(Records contained in a dataset)
※

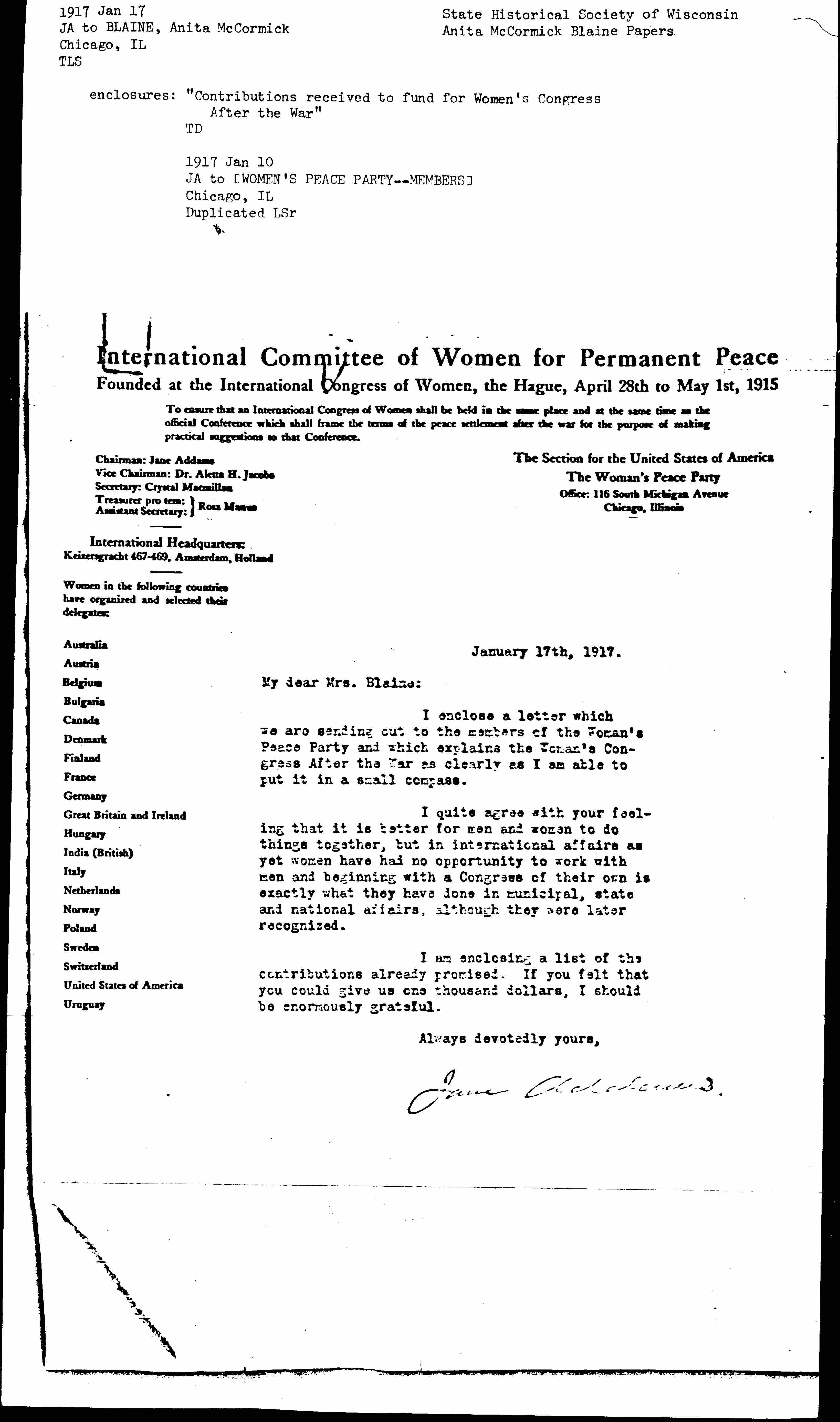 I enclose a letter which we are sending out to the members of the Woman's Peace Party and which explains the Woman's Congress After the War as clearly as I am able to put it in a small compass.
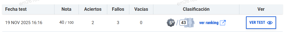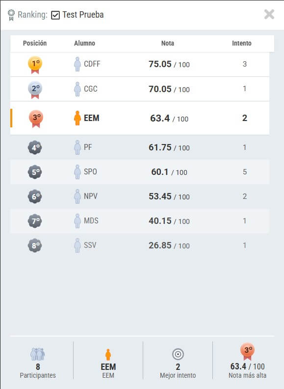 Cuando un alumno realice el test podrá ver la posición que ha obtenido en el mejor intento que realice respecto a los resultados del resto de alumnos que hayan realizado el ejercicio:
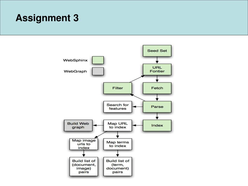 Websphinx & Webgraph. Inf 141 Information Retrieval Winter 2008. Assignment 3. See course webpage for specifications Due Friday Feb 8 th Working in groups of 2-3 people Email with subject: Inf 141 Team Registration Train your group
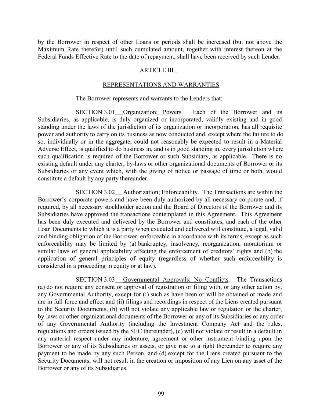 the types of fees and expenses that are customarily paid in connection with such Indebtedness (it being understood that (w) the conversion features into Permitted Equity Interests under convertible notes, (x) the triggering of such conversion and/or settlement thereof solely with Permitted Equity Interests, and (y) any cash payment on account of interest or expenses on such convertible notes made by the Borrower in respect of such triggering and/or settlement thereof, shall be permitted under this clause (a)) or (b) for payments and prepayments of Secured Longer-Term Indebtedness required to comply with requirements of Section 2.09(b). SECTION 6.13 Modification of Investment and Valuation Policies. Other than with respect to Permitted Policy Amendments, the Borrower will not amend, supplement, waive or otherwise modify in any material respect the Investment Policies or its Valuation Policies as in effect on the Effective Date. SECTION 6.14 SBIC Guarantees. The Borrower will not, nor will it permit any of its Subsidiaries to, cause or permit the occurrence of any event or condition that would result in any recourse to any Obligor under any Permitted SBIC Guarantee. SECTION 6.15 Derivative Transactions. The Borrower will not, nor will it permit any of its Subsidiaries (other than any Financing Subsidiary) to, enter into any swap or derivative transactions (including any total return swap) or other similar transactions or agreements except for Hedging Agreements to the extent permitted pursuant to Section 6.01(h) and Section 6.04(c). ARTICLE VII. EVENTS OF DEFAULT If any of the following events (“Events of Default”) shall occur and be continuing: (a) (i) the Borrower shall fail to pay any principal of any Loan (including, without limitation, any principal payable under Section 2.09(b) or (c)) or any reimbursement obligation in respect of any LC Disbursement when and as the same shall become due and payable, whether at the due date thereof or at a date fixed for prepayment thereof or otherwise or (ii) fail to Cash Collateralize any LC Exposure as and when required by Section 2.04(k); (b) the Borrower shall fail to pay any interest on any Loan or any fee or any other amount (other than an amount referred to in clause (a) of this Article) payable under this Agreement or under any other Loan Document, when and as the same shall become due and payable, and such failure shall continue unremedied for a period of five (5) or more Business Days; (c) any representation or warranty made or deemed made by or on behalf of the Borrower or any of its Subsidiaries in or in connection with this Agreement or any other Loan Document or any amendment or modification hereof or thereof, or in any report, certificate, financial statement or other document furnished pursuant to or in connection with this Agreement or any other Loan Document or any amendment or modification hereof or thereof, shall prove to have been incorrect when made or deemed made in any material respect (except 146
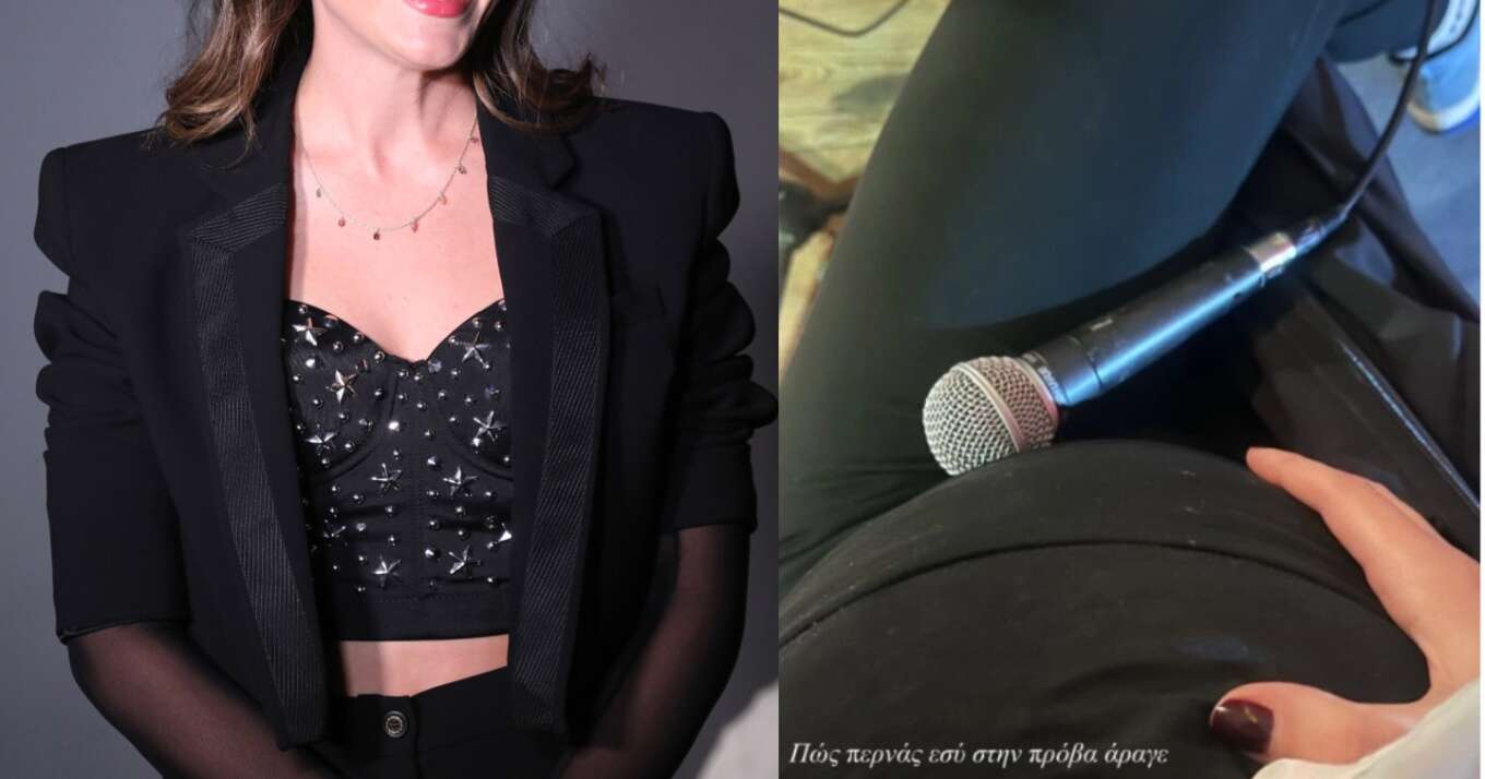Η τραγουδίστρια, σήμερα, Κυριακή, ανάρτησε μία φωτογραφία, στην οποία φαίνεται να ακουμπάει τη φουσκωμένη της κοιλίτσα και να ρωτάει το μωράκι της «Πώς περνάς εσύ στην πρόβα άραγε;».

※

The answer should contain only the lines from the start of the records above through the line with "Websphinx & Webgraph.", copied exactly, and no pictures.

 I enclose a letter which we are sending out to the members of the Woman's Peace Party and which explains the Woman's Congress After the War as clearly as I am able to put it in a small compass.
 Cuando un alumno realice el test podrá ver la posición que ha obtenido en el mejor intento que realice respecto a los resultados del resto de alumnos que hayan realizado el ejercicio:
 Websphinx & Webgraph. Inf 141 Information Retrieval Winter 2008. Assignment 3. See course webpage for specifications Due Friday Feb 8 th Working in groups of 2-3 people Email with subject: Inf 141 Team Registration Train your group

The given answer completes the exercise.